• **Directions**
All of the listing should be returned as written, apart from any picture in it.

*** Opening Data provided ***

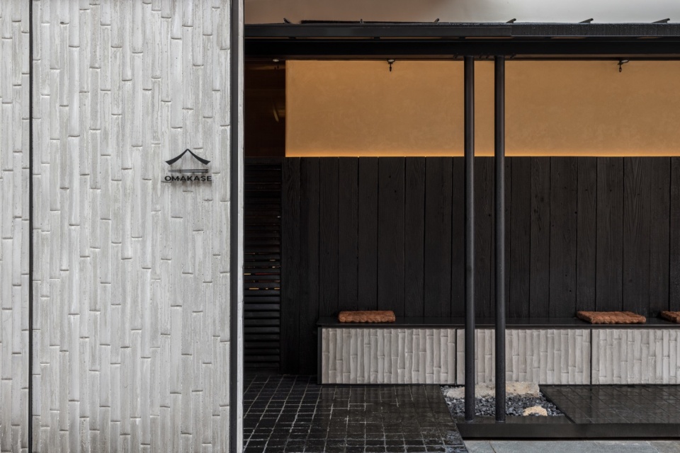 该项目为位于上海的日式餐厅金 Omakase 的扩建,由 TUO 建筑设计事务所设计。扩建需在短时间内完成,既为商业街道提供可停留的公共空间,又为餐厅增设入口与包间。
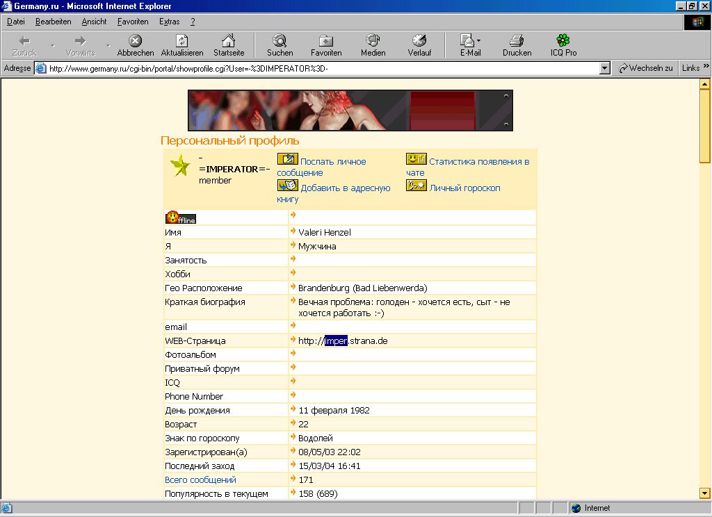 ты не понил как всегда....выбирается АЛИАС имя одно для всего.. скажем у меня нету страничку под velo.strana.de но есть емайл velo@germany.ru, в профиле же у каждого(!!!)показан АЛИАС имя етого человека даже если у того человека нету ни альбома ни страничку и нету желания показывать кому либо свой емайл. Речь идёт о НЕАКТИВНОЙ ссылке в моём и других профилях http://pokurim.strana.de в графе ВЕБ СТРАНИЦА. вот это мне очень не нравится а самое главное я не могу её оттуда стереть. вот тебе и ответ откуда брали спаммеры емайлы для рассылки если девушка к примеру ранее зарегестрировалась на германи.ру и болтала на форуме и не юзала майл совсем свой, то её емайл вычисляли по АЛИАСУ...это ответ на прошлые беды и просьба изменить это.
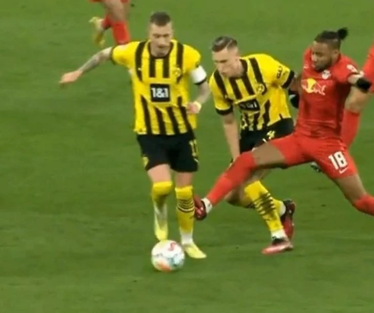 В конце тайма, Лейпциг мог и остаться в меньшенстве, да судья никакого наказания Шлагеру за прямую ногу не дал.
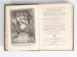 Versailles immortalisé par les merveilles parlantes des Bâtimens, Jardins, Bosquets, Parcs, Statues, Groupes, Termes, & Vases de marbre, de pierre, & de métaux, Pieces d'eaux, Tableaux & Peintures qui sont dans les Châteaux de Versailles, de Trianon, de la Ménagerie & de Marly […]. A Paris, Chez Etienne Ganeau, Libraire, & Jacque Quillau, Imprimeur-Libraire, 1720. In-4°, veau granité, dos à nerfs orné (reliure de l'époque).

*** Closing Data provided ***

• **Exercise result**
 该项目为位于上海的日式餐厅金 Omakase 的扩建,由 TUO 建筑设计事务所设计。扩建需在短时间内完成,既为商业街道提供可停留的公共空间,又为餐厅增设入口与包间。
 ты не понил как всегда....выбирается АЛИАС имя одно для всего.. скажем у меня нету страничку под velo.strana.de но есть емайл velo@germany.ru, в профиле же у каждого(!!!)показан АЛИАС имя етого человека даже если у того человека нету ни альбома ни страничку и нету желания показывать кому либо свой емайл. Речь идёт о НЕАКТИВНОЙ ссылке в моём и других профилях http://pokurim.strana.de в графе ВЕБ СТРАНИЦА. вот это мне очень не нравится а самое главное я не могу её оттуда стереть. вот тебе и ответ откуда брали спаммеры емайлы для рассылки если девушка к примеру ранее зарегестрировалась на германи.ру и болтала на форуме и не юзала майл совсем свой, то её емайл вычисляли по АЛИАСУ...это ответ на прошлые беды и просьба изменить это.
 В конце тайма, Лейпциг мог и остаться в меньшенстве, да судья никакого наказания Шлагеру за прямую ногу не дал.
 Versailles immortalisé par les merveilles parlantes des Bâtimens, Jardins, Bosquets, Parcs, Statues, Groupes, Termes, & Vases de marbre, de pierre, & de métaux, Pieces d'eaux, Tableaux & Peintures qui sont dans les Châteaux de Versailles, de Trianon, de la Ménagerie & de Marly […]. A Paris, Chez Etienne Ganeau, Libraire, & Jacque Quillau, Imprimeur-Libraire, 1720. In-4°, veau granité, dos à nerfs orné (reliure de l'époque).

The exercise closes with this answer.